Imagine being strapped into a cramped cubicle, perched semi-upside down, atop an intercontinental ballistic missile packed with 80 tons of liquid oxygen, and then being hurled into the blackness at a top speed of 175,000 miles an hour, on a mission no American had ever attempted, and early on you’re forced to pilot manually because the automatic system fails, and you’re forced to use the earth horizon as a reference point, 162 miles above the surface, and meanwhile you had a potential problem with the heat shield, and if that went wrong you’d burn up in the capsule before you ever came down…

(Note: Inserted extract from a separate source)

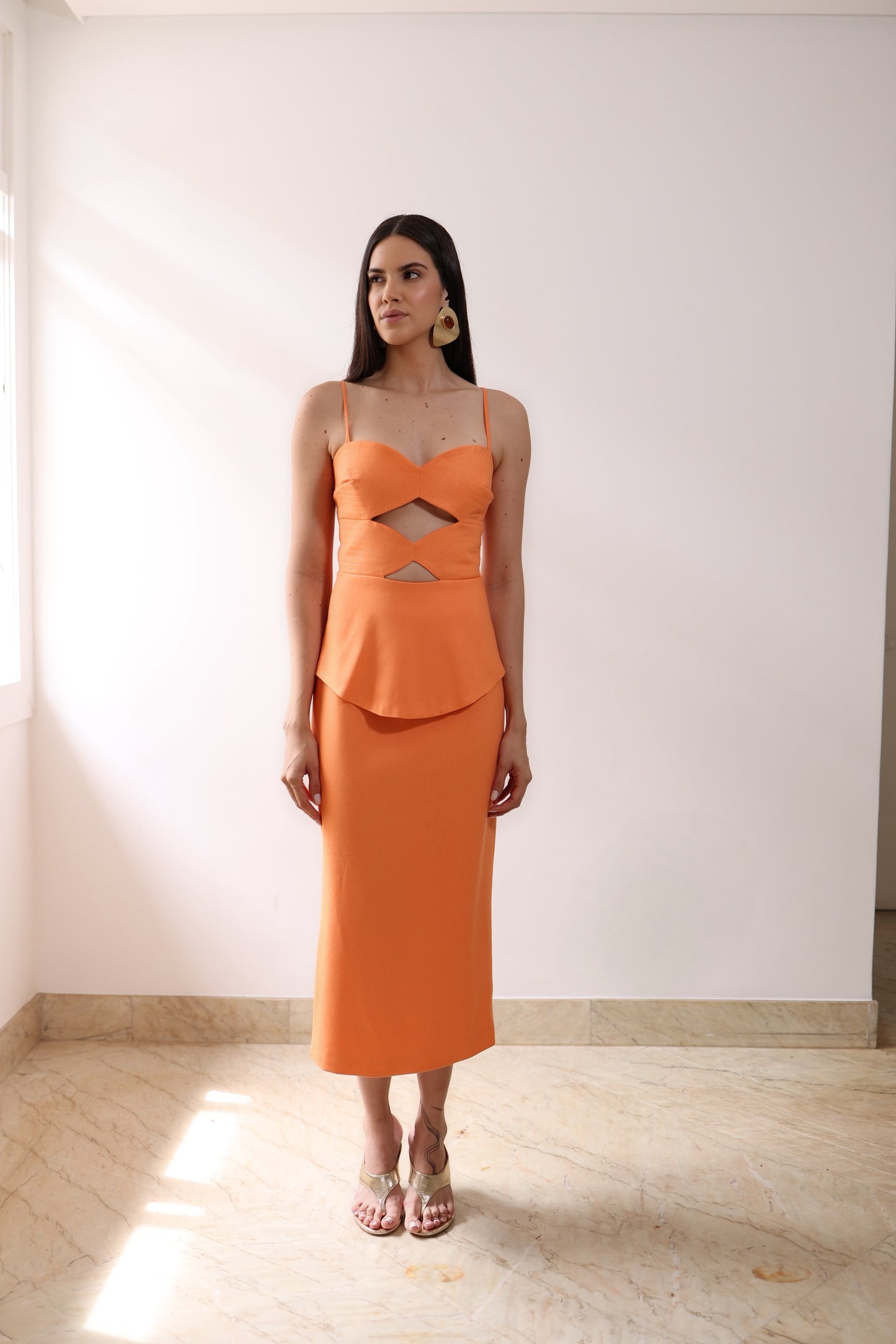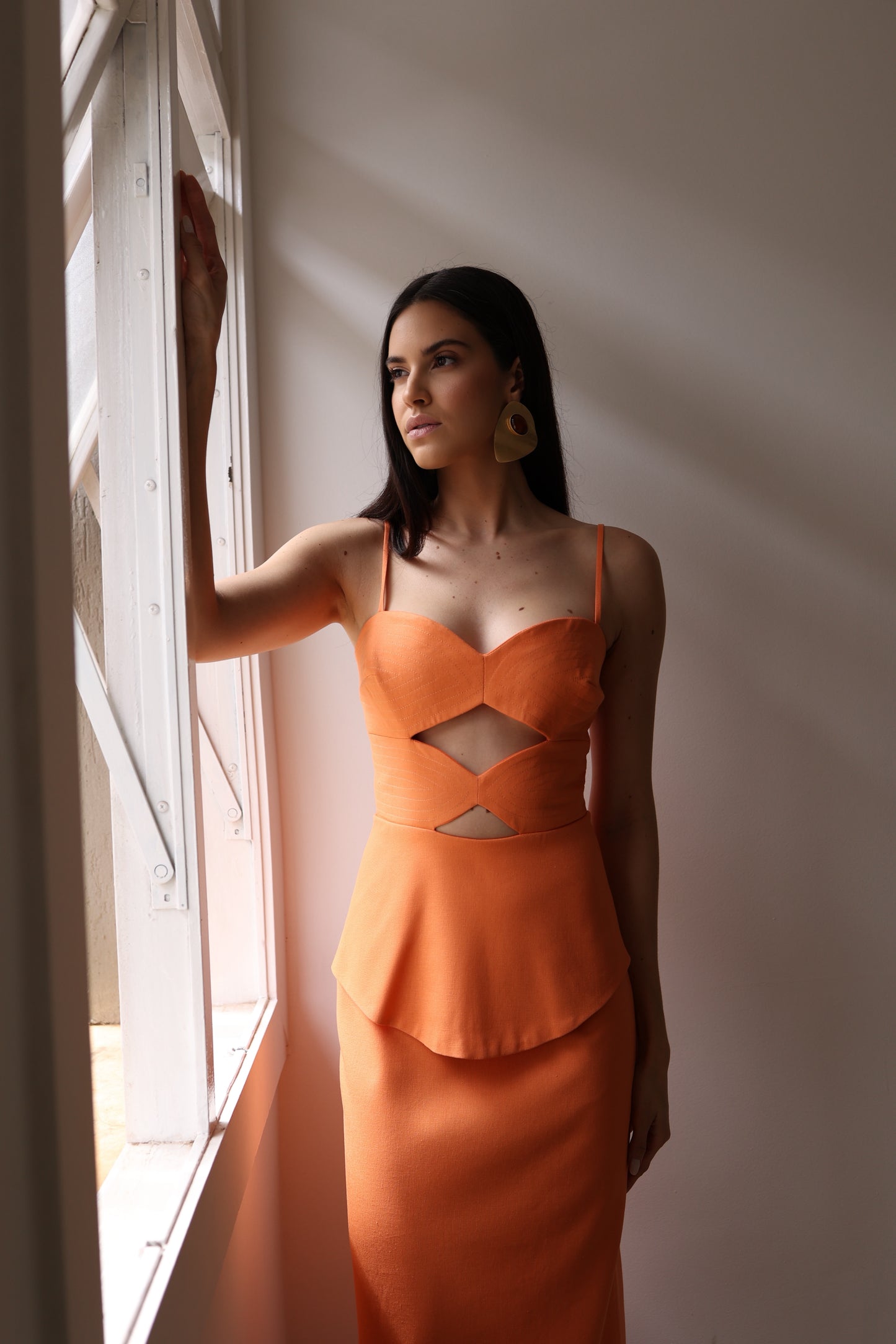 Vestido em tecido linho, com recortes estratégicos que valorizam a silhueta. Possui alças finas, detalhe peplum que traz feminilidade ao design, fenda posterior para maior conforto e zíper invisível nas costas. Uma peça elegante e marcante, ideal para produções especiais.
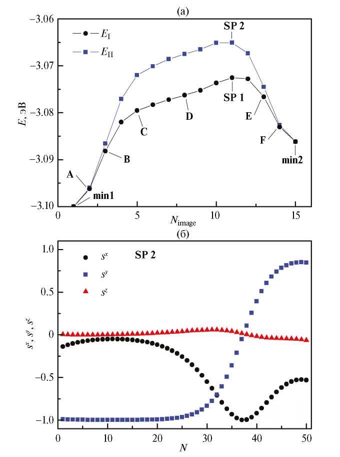 На рис. 3 показаны 9 из 15 последовательных изображений системы при перемагничивании за счет формирования антидоменной стенки. На первом изображении (min 1) система находится в основном состоянии. Затем на правом конце цепочки начинает формироваться антидоменная стенка (изображения A и B). Затем антидоменная стенка движется справа налево (изображения C и D), достигая седловой точки (SP 1) ближе к левому концу цепочки. Наконец, антидоменная стенка уничтожается на левом конце цепочки (изображения E и F). В результате атомная цепочка переходит в метастабильное состояние (min 2), в котором магнитные моменты направлены “вниз”. Энергии этих конфигураций показаны на рис. 4a.

That was Feb. 20, 1962. To borrow a phrase from Paul Simon, those were the days of miracle and wonder. Virtually the entire nation (including yours truly, watching the black-and-white TV that had been wheeled into our elementary school room) gaped in awe at this technological miracle. And after Glenn got reacquainted with the earth’s surface, having orbited the orb three times, he paraded down Broadway as everybody wept. Even the cops. He addressed a joint session of Congress and everybody wept. Even the congressmen.

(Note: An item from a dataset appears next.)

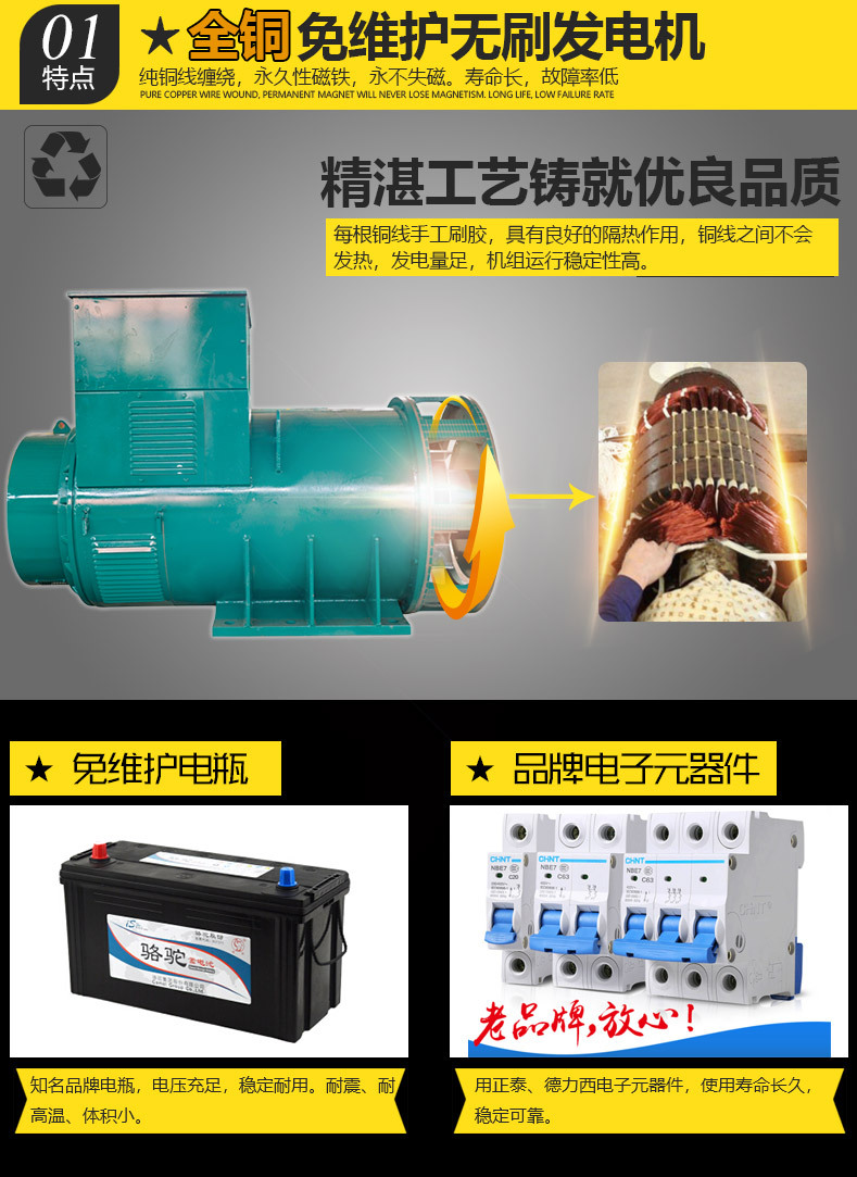 勵磁方式 | 無刷自勵,AVR自動電子調(diào)壓 |

Tom Wolfe, who would chronicle the seven original astronauts in his seminal book “The Right Stuff,” called Glenn “the last true national hero America has ever had.” True that. Today, we take tech miracles for granted; we get ticked off at our phones if videos from the other side of the world load too slowly. Today, a small-town square like Glenn (in Wolfe’s words, “the Presbyterian Pilot”), who kept his language clean and literally teared up at seeing the American flag, would be grist for cybersnark. He’d be hit with hashtags like #whitebread. Tweeters would attack the space program, #wasteofmoney.
Wolfe, in a 1979 interview, described Glenn as a man “who really played very much like the straight arrow (who) insisted upon virtue.” It got him elected as a senator from Ohio. But he was too square and virtuous and moderate for snake-pit presidential politics. Firing oneself into outer space was one thing; firing up crowds in Iowa and New Hampshire was something else entirely.

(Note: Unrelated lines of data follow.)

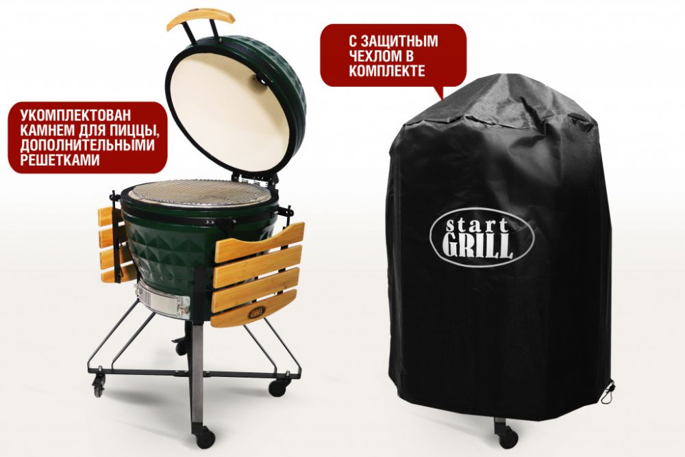 Данная модель относится к премиальной линейке семейства керамических грилей Start Grill с уникальной внешней текстурой "Бриллиант". При производстве гриля Start Grill используются самые прочные и долговечные материалы, которые не боятся ни коррозии, ни перепадов температур и позволяют сохранить презентабельный вид изделия на многие годы.
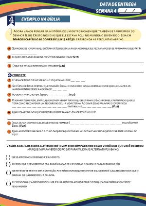 Agora vamos pensar na história de um outro homem que também se aproximou do Senhor Jesus Cristo nos dias que ele estava aqui no mundo: o jovem rico. Leia em Marcos capítulo 10 do versículo 17 até 30 e responda as perguntas abaixo: a
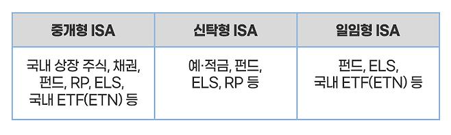 ISA는 하나의 계좌에서 다양한 금융상품을 편리하게 투자할 수 있습니다. 특히 중개형 ISA는 신탁형, 일임형에서 할 수 없었던 국내 상장 주식과 채권에도 투자가 가능합니다.
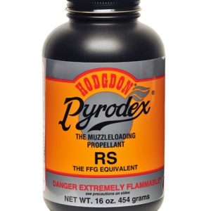Pyrodex RS is intended for use in percussion muzzleloading rifles and shotguns of all calibers. It is the most versatile powder in the Pyrodex family and has a broad range of applications. It burns cleaner and creates less fouling than blackpowder, as do all grades of Pyrodex. On a particle size basis, RS compares to FFg blackpowder. A 1-pound container is available.
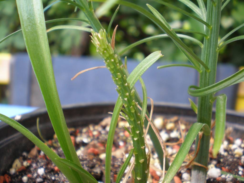 , abgesehen von den schmalen Blättern an der Abzweigung der einzelnen Blütenstiele.Das haben die Citronella auch. Da ich das Merkmal noch in keiner Beschreibung gelesen habe und die Citronella ja auch leichtlinii Ahnen hat ist das kein wirkliches Unterscheidungsmerkmal. Du hast auf jeden Fall einen anderen Klon als ich bis jetzt gesehen habe.Wenn dann deine andere blüht und die oben kurze Blätter hat fast wie bei henryi, kannst Du mal einen Bestäubungsversuch machen. :DDie einzelnen Blütenstängel sind bei den leichtlinii die ich bis jetzt gesehen habe so schön lang wie bei Dir und die Blütenblätter sind da auch so unten etwas breit wie bei dieser. Die Citronellas die ich habe haben entweder Bulbillen dann ist die Blüte so ähnlich wie bei leichtlinii (meiner Meinung nach eine andere Sorte) oder sie sind stärker zurückgeschlagen und etwas kleiner (die echte wie ich glaube) und ohne Bulbillen.
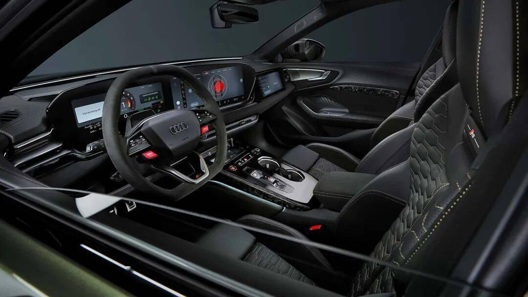 進入車內,新一代RS5采用全新的虛擬座艙設計,環抱式座艙采用大面積Alcantara面料包裹,中控臺門板四周也配上碳纖維裝飾面板、鍍鉻元素點綴,提升整車質感。平底式RS多功能方向盤、換擋撥片以及帶有六邊形紋路的賽車座椅(材質選用Nappa和Valcona真皮混搭),帶來了濃郁的戰斗氛圍。中控臺配備12.3英寸的全液晶儀表、10.1英寸+8.6英寸的觸摸中控大屏,搭載的車機系統,支持CarPlay、CarLife,通過投射第三方導航及娛樂App大幅提升實用性及便捷度。座椅則是賽車風格的一體式座椅,帶有專屬的RS標識,座椅獨特的包裹性與縫線讓人血脈僨張,前排座椅采用金色的縫線,后排則是紅色縫線。

Lest we forget, Glenn was touted in ’83 as the perfect Democrat to take on incumbent Ronald Reagan in ’84. Heck, Ed Harris had just played him in “The Right Stuff” flick as the ultimate gung-ho American. But Glenn’s foresquare earnestness bored the Democratic litmus-testers. In the immortal words of humorist Dave Barry, Glenn “couldn’t electrify a fish tank if he threw a toaster in it.”
Glenn flamed out in those early primaries, but so what. It was just a blip in an admirable life, concluded yesterday at 95. Shooting down enemy planes in World War II and Korea (surviving 149 missions in two wars), flying a test plane from L.A. to N.Y. in 3 hours and 20 minutes in 1957 (entirely above the Mach I speed of sound, a new world’s record), flying his own twin-engine plane until age 90 and selling it only because his knees couldn’t handle it, traveling in space one last time, on the Discovery shuttle, at age 77, the oldest ever to do it…who can think ill of a guy like that? Heck, yesterday, even Trump said something nice.
Perhaps Glenn’s unvarnished brio can guide us through the tough times ahead. After the Challenger shuttle blew up in 1986, he spoke at a memorial service for fellow Ohioan Judith Resnik. He noted that the final words spoken on the shuttle were, “Go at throttle up.” He added: “Those words are more than a courageous epitaph. They are America’s history. They are America’s destiny. And they will turn tragedy into triumph again.”
Can we make good on that?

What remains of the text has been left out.